Abu Sufyan berkata: Demi Allah, seandainya aku tidak takut dikenal sebagai pendusta, niscaya aku akan berdusta.
Lalu Heraklius berkata kepada juru terjemahnya: Tanyakan kepadanya bagaimana dengan keturunan lelaki itu di kalangan kamu sekalian?
Aku menjawab: Di kalangan kami, dia adalah seorang yang bernasab baik. Dia bertanya: Apakah ada di antara nenek-moyangnya yang menjadi raja?
Aku menjawab: Tidak.
Dia bertanya: Apa kamu sekalian menuduhnya sebagai pendusta sebelum dia mengakui apa yang dikatakannya?
Aku menjawab: Tidak.
Dia bertanya: Siapakah pengikutnya, orang-orang yang terhormatkah atau orang-orang yang lemah?
Aku menjawab: Para pengikutnya adalah orang-orang lemah.
Dia bertanya: Mereka semakin bertambah ataukah berkurang?
Aku menjawab: Bahkan mereka semakin bertambah.
Dia bertanya: Apakah ada seorang pengikutnya yang murtad dari agamanya setelah dia peluk karena rasa benci terhadapnya?
Aku menjawab: Tidak.
Dia bertanya: Apakah kamu sekalian memeranginya?
Aku menjawab: Ya.
Dia bertanya: Bagaimana peperangan kamu dengan orang itu?
Aku menjawab: Peperangan yang terjadi antara kami dengannya silih-berganti, terkadang dia mengalahkan kami dan terkadang kami mengalahkannya.
Dia bertanya: Apakah dia pernah berkhianat?
Aku menjawab: Tidak.

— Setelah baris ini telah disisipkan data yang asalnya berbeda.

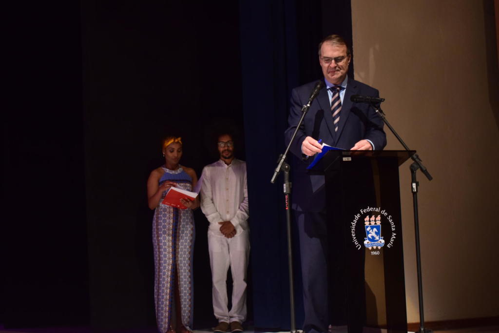 Além da entrega, os presentes puderam prestigiar a apresentação do espetáculo “Vozes Negras“, promovido pela Banda Sinfônica, com a regência de Dilber Alonso e Luiz Antônio Silva, e coordenação de Tita Sartor. As vozes das cantora Arianne TeLima, Ediana Larruscain ecoaram junto com a Escola de Samba Vila Brasil no palco do Centro de Convenções da UFSM, o repertório foi composto por musicais norte-americanos, black music, música popular brasileira e sambas-enredos que marcaram época.

Dan kami sekarang sedang berada dalam masa perjanjian damai dengannya, kami tidak tahu apa yang akan dia perbuat.
Dia melanjutkan: Demi Allah, aku tidak dapat menyelipkan kata lain dalam kalimat jawaban selain ucapan di atas.
Dia bertanya lagi: Apakah perkataan itu pernah diucapkan oleh orang lain sebelum dia?
Aku menjawab: Tidak.
Selanjutnya Heraklius berkata kepada juru terjemahnya:
Katakanlah kepadanya, ketika aku bertanya kepadamu tentang nasabnya, kamu menjawab bahwa ia adalah seorang yang bernasab mulia. Memang demikianlah keadaan rasul-rasul yang diutus ke tengah kaumnya.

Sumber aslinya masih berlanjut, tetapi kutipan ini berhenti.